This file is a high-level overview of Sapling's internal architecture - if you want to familiarise yourself with Sapling's codebase, this is a good place to start.

Bird's Eye View

Sapling is a general modal structured editor inspired by Vi/Vim and Kakoune. What does that mean? Let's break it down into pieces:

  • "general" means Sapling can, in theory, open files of any language; it is not language specific.
  • "modal" means that Sapling has multiple modes of operation (same as Vim). I.e., the same keystrokes will do different things depending on what state the editor is in.
  • "structured editor" means that Sapling edits the syntax tree of your code, but stores the code on disk purely as text, with no other data.

Code Map

This covers code roughly in 'top-down' order.

fn main::main

The entry point of Sapling. It does relatively little - it opens and parses a file (if a path is given), creates an Editor singleton (along with its dependencies) and finally passes control into the editor's mainloop, which won't return until Sapling closes.

struct editor::Editor

A singleton struct that handles direct user input and displays everything to the user. This mostly delegates responsibility to other parts of the code (Dag for tree storage/editing, Ast for rendering, and the various States for deciding what action each keystroke should have).

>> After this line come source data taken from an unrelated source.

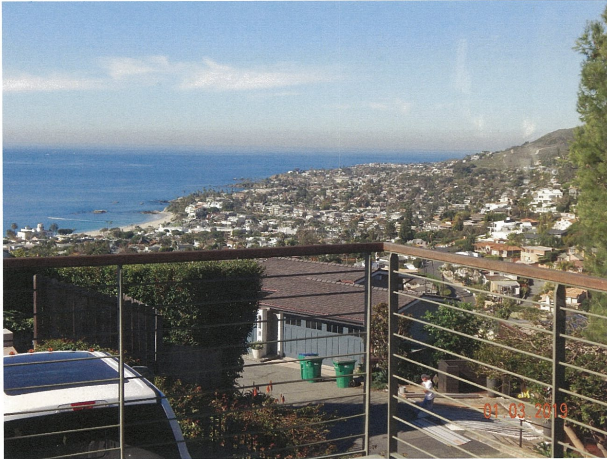
681 Bayview Pl.

The photograph above was taken from the living room on the main level of the primary residential structure.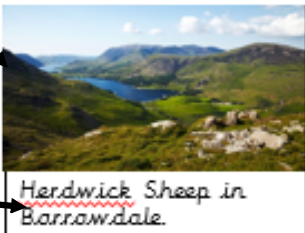
Herdwick Sheep in Borrowdale.

Living in the Lake District Despite being the largest National Park, only around 41,000 people live in the Lake District. Most of them rely on tourism to make money by running hotels and cafes.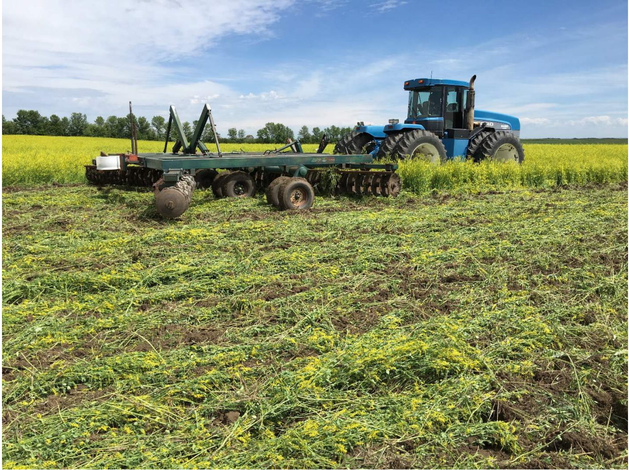
A field of sweet clover being terminated with a disc in Southern Saskatchewan, summer 2017.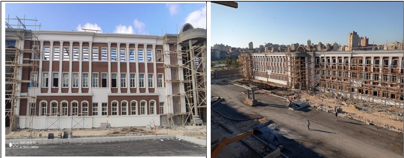
Construction of New Buildings in Abbas Campus (Alexandria University, Egypt)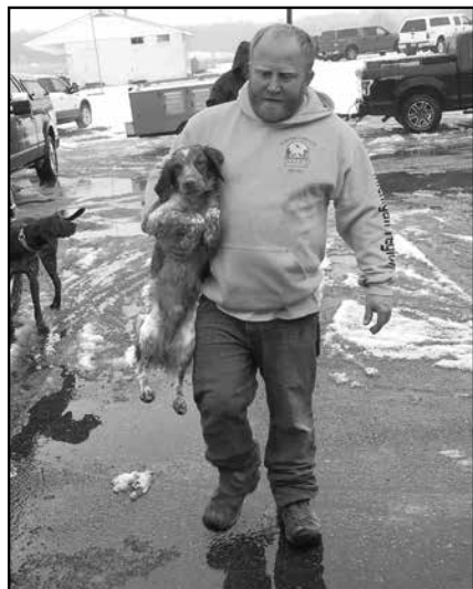
Headed to get their photoshoot!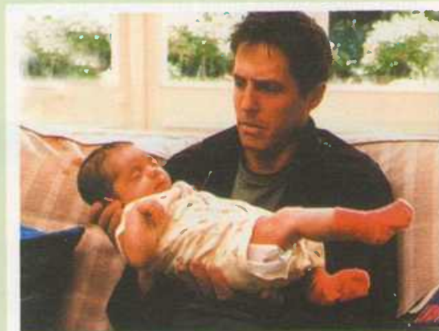
'She's erm ... delightful.'

'I love kids,' says Will (played by Hugh Grant in the hit film About A Boy ). 'Yeah, I like messing around with them, you know. I have a two-year-old, Ned. He's got blue eyes.' Will is looking for a girlfriend, but all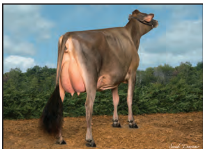
RATLIFF APPLE JACK ANSLEY-ET Sister to the Grandam of Lot 16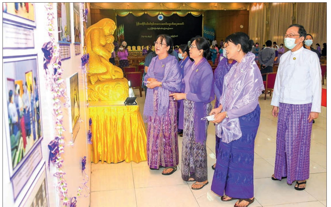
The wife of the SAC Chairman Prime Minister and party view round the documentary photos at the event.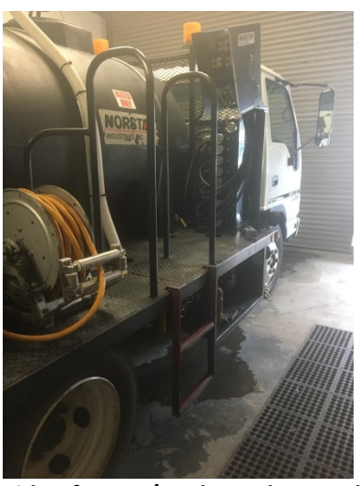
Side of Spray/Tank Truck- Portable Ladder Steps at 12" – 24" – 36" to bed of truck

The most important part of the struct is editor::Editor::mainloop, which is a very classic UI mainloop - it consumes events (usually keystrokes), and updates the display whenever the user presses a key.

struct config::Config

Holds all the global editor configuration state of Sapling (e.g. keybindings, syntax highlight colors). The user currently cannot specify the configuration without changing this file and recompiling.

trait editor::state::State

A trait that determines what Sapling should do with keystrokes. The meat of this is the transition function, which consumes a keystroke and allows the State to either mutate itself or return a new State for Sapling to use. See also editor::normal_mode::State and editor::state::Quit.

The different modes are at editor::normal_mode, editor::command_mode (tbc).

struct editor::dag::Dag

This struct represents a single buffer open in memory - i.e. an AST along with an entire edit history for that tree. It stores this history as a DAG (Directed Acyclic Graph) to prevent unnecessary duplication of nodes. It provides convenient functions to do common edits (such as inserting, deleting and replacing AST nodes), all of which use Dag::perform_edit to handle the functionality common to all edits (e.g. cloning the required nodes to generate a new tree, adding the new changes to the history).

trait ast::Ast

This trait is the key to the generalness of Sapling, and is used to specify everything about the language that Sapling is editing. This includes rendering to text (with help from DisplayToken), parsing and enforcing tree correctness. ast::json::Json is an implementation of this representing JSON.

mod core

Core datatypes that will be used all across Sapling. This includes things like Path (a datatype that stores a path down a syntax tree), Size (which stores the on-screen size of an AST node) and extension traits such as KeyDisplay (which makes it nicer to display terminal keystrokes).

mod arena

An 'arena' allocator which is used to store all the AST nodes as a Dag. We use an arena because we are going to be allocating tons of AST nodes as a graph, but very very few of these will be freed before the editor closes. Arenas are a very performant allocator for this use case, and it allows all the nodes to have the same lifetime (the lifetime of the arena) which makes sure that the code compiles.